Some ancient manuscripts included a verse 31 that is translated as “you may continue to believe.” This text would indicate that the intended audience of the Gospel was persons who were already believers. The words “you may come to believe” in verse 31 in the NRSV would indicate that the Gospel’s intended audience was non-believers.

Many scholars believe that the Fourth Gospel ended with verses 30 and 31, and that Chapter 21 (which describes an appearance of the Resurrected Christ in Tiberius by the Sea of Galilee) was added in the Second Century.

In The Fourth Gospel: Tales of a Jewish Mystic, Bishop Spong observed that although Thomas was mentioned among the list of apostles in the Synoptic Gospels, nothing of substance is mentioned about him until the Fourth Gospel. He notes that scholars have been aware of a Gospel of Thomas from its being mentioned in other writings, but that its text was unknown until recently.

Spong cites Elaine Pagel’s book Beyond Belief for the thesis that the Fourth Gospel was written largely to contradict the Gnostic Gospel of Thomas which contains no miracle stories, no narrative of Jesus’ birth, no narrative of his death, and no story of Easter.

He notes that, in the Gospel story for today, Thomas was demanding a “sign” in seeking to observe the wounds himself, just as the other disciples had been able to observe them.

Spong understands “My Lord and my God” as John’s affirmation that Jesus was the Messiah sent from God and is of the same essence as the one who did the sending.

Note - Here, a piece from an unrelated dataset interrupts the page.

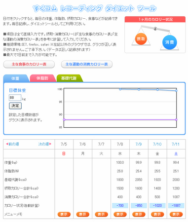 すくすく.COMのサイト上に、毎日の体重・体脂肪率・摂取カロリー・代謝カロリーを記録できるツールを設置。このツールを使って毎日記録をつけ、食事や運動など普段の生活における改善点を見出すことにより、ダイエットに役立てていただくことができます。記録ツールは、すくすく.COMに会員登録(無料)することで、利用できます。

Spong writes: “Thomas’ confession is in effect: I have seen God in the presence of Jesus; I have seen the word made flesh and dwelling among us. Thomas has come to understand that when we see Jesus, we see God.”

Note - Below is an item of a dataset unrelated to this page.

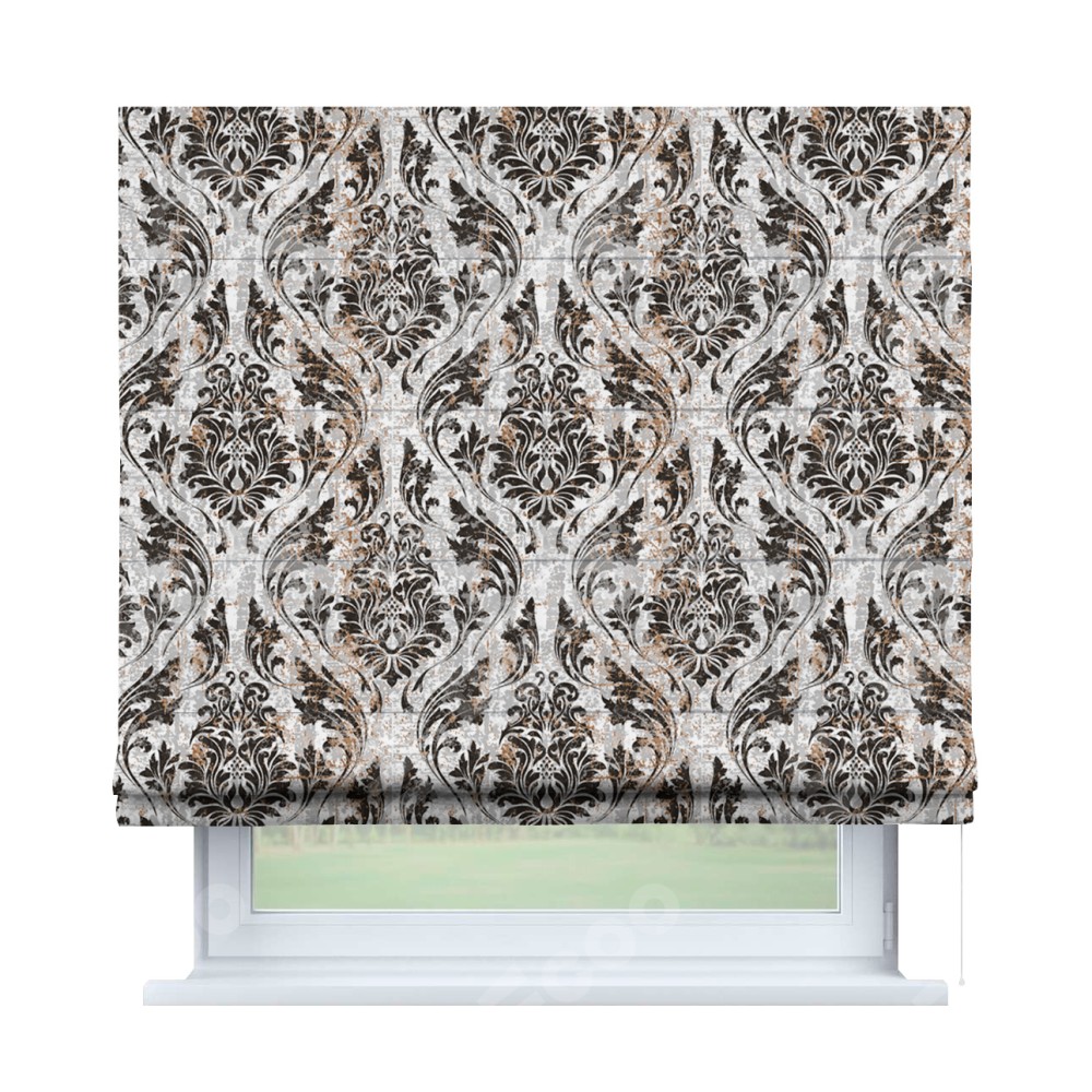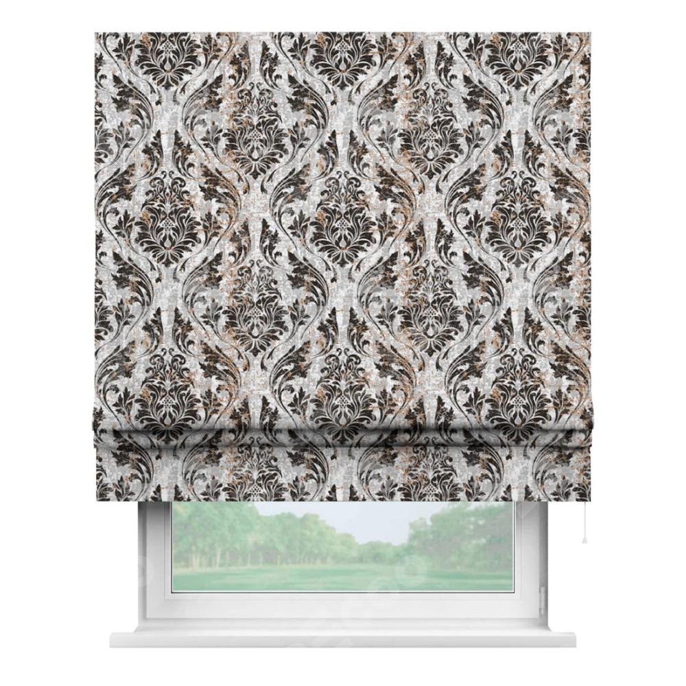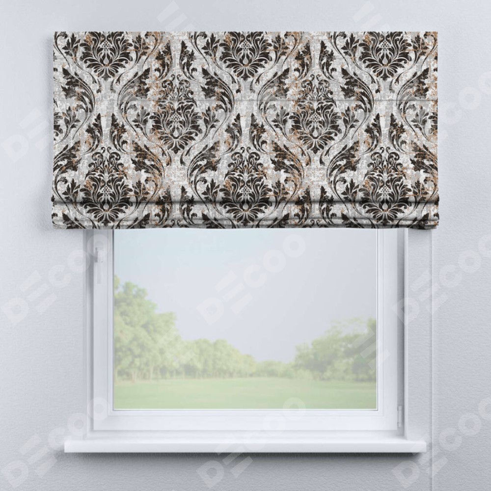 Римская штора производителя «Cortin», используется для проёма, пошита из ткани блэкаут с нанесением сублимационной печати «Дамаск тёмный». Имеет универсальный механизм и подходит для монтажа: на потолок, на стену и в нишу.

Spong asserts that the thrust of the concluding words of the Gospel (“through believing you may have life in his name”) should be understood as meaning “to have life – not to become religious, not to achieve moral purity, not to win the contest to gain doctrinal orthodoxy, but to have life – that is the function of the Christ. It is to bring us to the experience of living in which we pass into new dimensions of life and cross the boundaries of fear that separate us from one another and from ourselves. That we ‘might have life and have it abundantly’ – that is what Jesus is about; that is what Jesus brings. To be Christian is not to believe that message but to live that message.”